Building the same code in the same environment with make produces an executable with the MPI libraries linked:

$ ldd bin/emu
        linux-vdso.so.1 (0x00007ffeed9ad000)
        libmpi_mpifh.so.40 => /lib/x86_64-linux-gnu/libmpi_mpifh.so.40 (0x00007f55001ea000)
        libgfortran.so.5 => /lib/x86_64-linux-gnu/libgfortran.so.5 (0x00007f54fff0f000)
        libm.so.6 => /lib/x86_64-linux-gnu/libm.so.6 (0x00007f54ffe28000)
        libgcc_s.so.1 => /lib/x86_64-linux-gnu/libgcc_s.so.1 (0x00007f54ffe08000)
        libc.so.6 => /lib/x86_64-linux-gnu/libc.so.6 (0x00007f54ffbde000)
        libmpi.so.40 => /lib/x86_64-linux-gnu/libmpi.so.40 (0x00007f54ffaa7000)
        libopen-pal.so.40 => /lib/x86_64-linux-gnu/libopen-pal.so.40 (0x00007f54ff9f4000)
        libquadmath.so.0 => /lib/x86_64-linux-gnu/libquadmath.so.0 (0x00007f54ff9ac000)
        /lib64/ld-linux-x86-64.so.2 (0x00007f5500628000)
        libopen-rte.so.40 => /lib/x86_64-linux-gnu/libopen-rte.so.40 (0x00007f54ff8ef000)
        libhwloc.so.15 => /lib/x86_64-linux-gnu/libhwloc.so.15 (0x00007f54ff891000)
        libevent_core-2.1.so.7 => /lib/x86_64-linux-gnu/libevent_core-2.1.so.7 (0x00007f54ff85c000)
        libevent_pthreads-2.1.so.7 => /lib/x86_64-linux-gnu/libevent_pthreads-2.1.so.7 (0x00007f54ff857000)
        libz.so.1 => /lib/x86_64-linux-gnu/libz.so.1 (0x00007f54ff83b000)
        libudev.so.1 => /lib/x86_64-linux-gnu/libudev.so.1 (0x00007f54ff811000)

Expected Behaviour

The build should not appear successful in this scenario, where the MPI libraries are not linked (or whatever the true underlying problem is). Ideally, the MPI libraries should always link correctly, but if something is preventing that, it should be reported.

Version of fpm

0.9.0

Platform and Architecture

Ubuntu 22.04

Additional Information

Good system:

  • gfortran 9.3.1 and 4.8.5
  • Intel MPI 2021.2.0
  • CentOS 7.9.2009

Bad system 1:

  • gfortran 9.5.0
  • OpenMPI 4.1.2
  • Ubuntu 22.04

Bad system 2:

  • gfortran 9.4.0
  • Intel MPI 2021.2.0
  • Linux Mint 17.1

Bad system 2 is really old, so I was ready to blame that until the same thing happened on a separate, up-to-date system.

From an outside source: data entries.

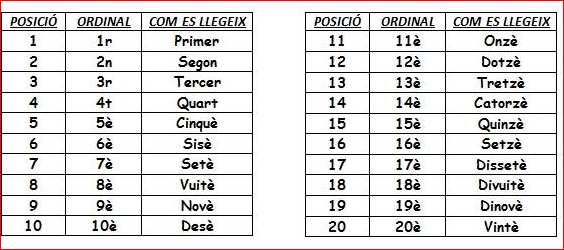 Recordeu que farem dues proves. Una amb els continguts: descomposició de nombres, valor de les xifres segons la seva posició, escriptura de nombres, línies paral·leles i línies secants i altra dels nombres ordinals fins el 20 (les proves les farem en dies diferents segons teniu anotat a la vostra agenda).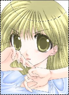 淡い光の上に、強い光の天使の輪を作成します。 円形の範囲選択ツールで、彼女の頭頂をカッパ状態に切り取るがの如く選択し、それを反転させますと左のような範囲が選択されます。 変な倍率でキャプチャしたら荒くなっちゃった…… |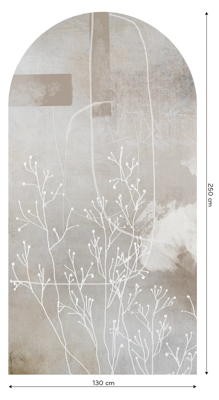 Tapetene er designet som buede former med målene 130 cm bredde og 250 cm høyde.

Here is the fpm.toml used in all cases:

fpm.toml
name = "emu"

[[executable]]
name = "emu"
source-dir = "src"
main = "emu.F"

[dependencies]
mpi = "*"

[fortran]
implicit-typing = true
implicit-external = true

[preprocess]
[preprocess.cpp]
suffixes = ["F"]
macros = ["EMU_MPI"]

Just in case, I did also test without the preprocessing, which had no effect.

@rileychall rileychall added the bug Something isn't working label Dec 7, 2023
@perazz
Copy link
Contributor

perazz commented Dec 8, 2023

I believe linking of the executable cannot be successful if any calls to MPI libraries are made, and the code is not linking against any libraries that contain them.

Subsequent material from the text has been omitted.